Morning bite - mid-week update
December 18, 2019 - Wednesday morning
I've gotten through the primaries for this week, and I'm starting to look at the secondary items. I'm a little concerned about the complexity of the game - this is something that I really really want to keep, but at the same time maintain a very simple UI and UX as well. I want a deep(ish) simulation game with super simple controls and is very easy to pick up. But I'm already seeing parts where I feel I need to explain how this or that works, and that means a bunch of pop-up dialogs (or a long tutorial :( ) that I'd like to avoid. I gave playing Tropico mobile a shot, and it starts you off in like a 30-minute tutorial. I definitely want to avoid this.
Rent and taxes are in - Rent is paid once a day to the House and Taxes are a percentage of all Resident to Building transactions (which.. includes Rent!). There's no income tax for now, but I'll probably add that as a Policy sooner or later.
Building storage capacity is enforced by a decay system, where when a building goes over capacity all items in storage start decaying at about 10% per second. I may change this to just a flat limit on being able to store an amount, but decay lets me step around the question of what happens when Residents try to put things in an over capacity store. One produces game logic failure states, which I have to handle, and the other produces game play failure states, which the player has to handle ;).
Looking at the secondaries:
I definitely need to decide how to enforce out-of-resources (including water). One thought is to do this by Platform, which gives them a gameplay mechanic as well. The player can switch on/off the Power or Water per platform to do a rolling blackout.
I also need to decide how utilities get paid. I'm probably going with a funding system where the user can decide on an amount of money to transfer into the building on an interval. This would be set categorically as well (e.g. 5.0 wealth per tick will be distributed among Power buildings)
Dynamic pricing, the simple method, should be easy to implement. Supply high - price low. Managers look at supply and decide on a sell price, Residents look at supply (at home) and decide on a buy price. If they meet, then transact at sell price.
I'm going to start measuring the game along a few dimensions. That is, really, just keeping track of my subjective evaluation of it along those lines. Since these are hard to pin down, I'll just say that 2 is better than 1, but 4 may not be twice as good as 2. I just want a record of how each of these are progressing along.
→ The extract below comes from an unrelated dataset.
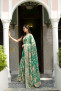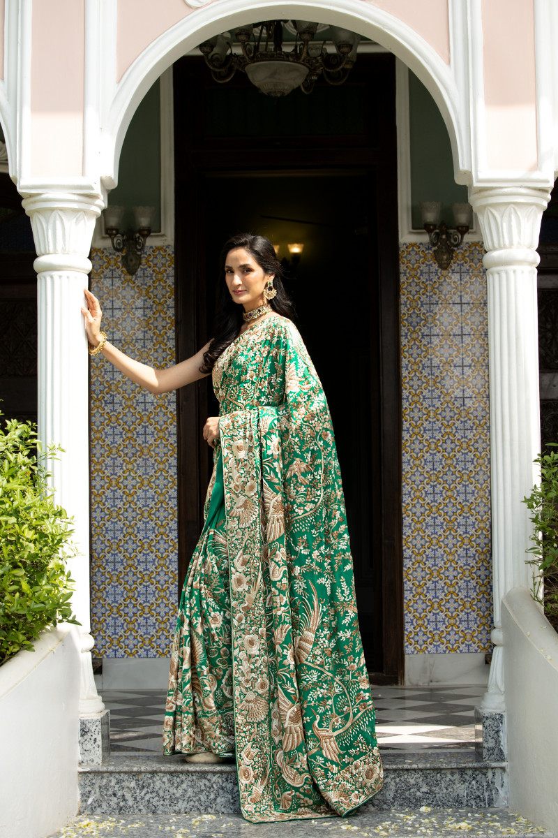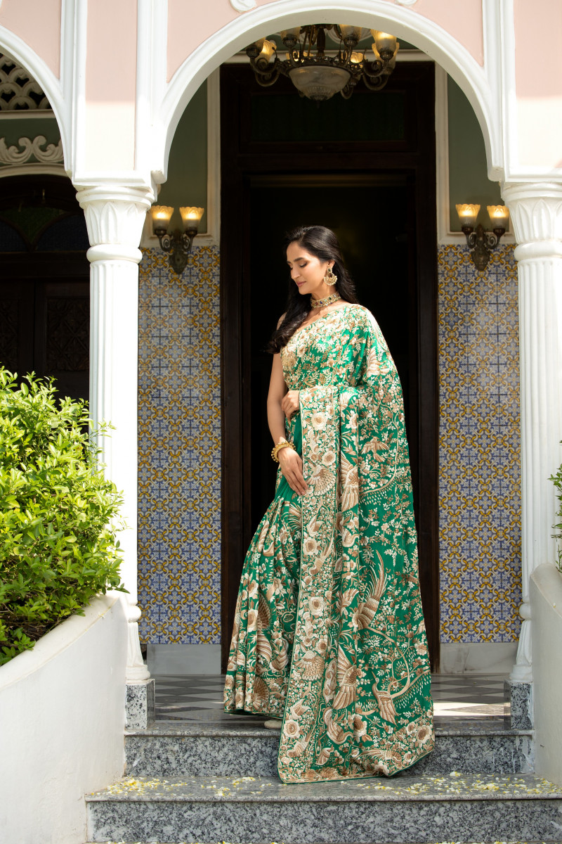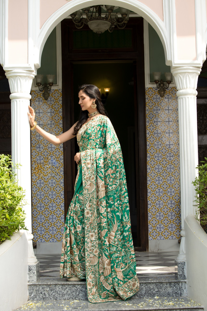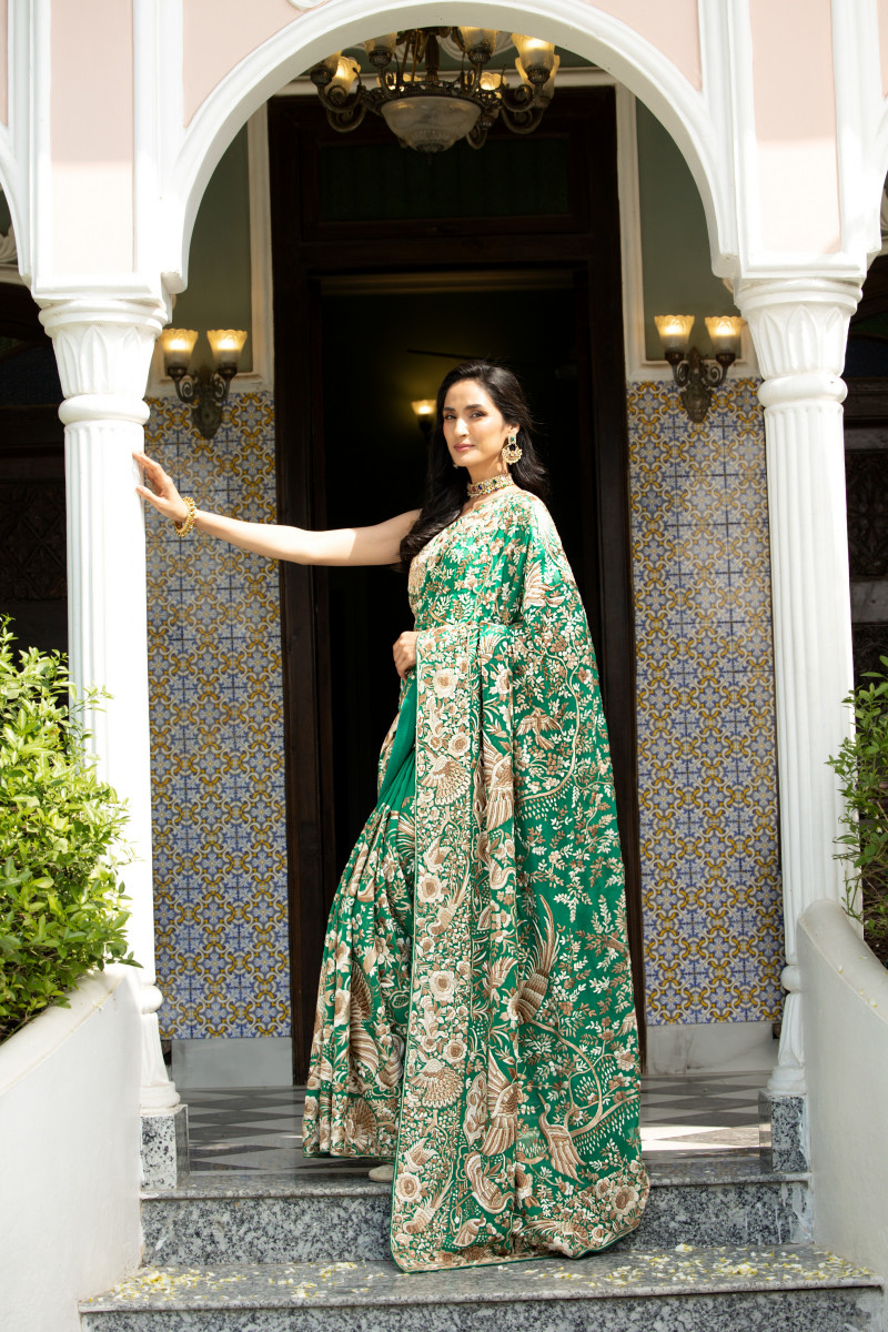 A one-of-a-kind Green Parsi Gara saree, adorned with exquisite flora and fauna motifs throughout is truly a dreamscape by the masterful artisan. This saree tells a tale of Indian heritage and is a marvelous quintessence of embroidery, art and history.

The scale is 0 = nothing there, 10 = best available.
These are the aspects for now:
- Art/Sound
- UX
- Gameplay
- Simulation
- Market(ing/ability)
So the first report card:
Measures of Goodness | |
---|---|
Art | 1 |
UX | 1 |
Gameplay | 1 |
Simulation | 2 |
Market | 0 |
I'm also going to start switching hats a bit. I don't plan to 'finish' with one measure then move on to the next - and I think we're near a good simulation stopping point for me to move on to gameplay. There may be good combos of hats, like Dota's Invoker, that help to produce good results. Each hat represents a different perspective and value set, which I hope will help unblock decisions.
I'm going try a Simulation -> Gameplay -> UX loop around the basic economy gameplay. A little closer to release (but not too far away), I think an Art -> Market -> Art will help me make decisions and execute on game assets.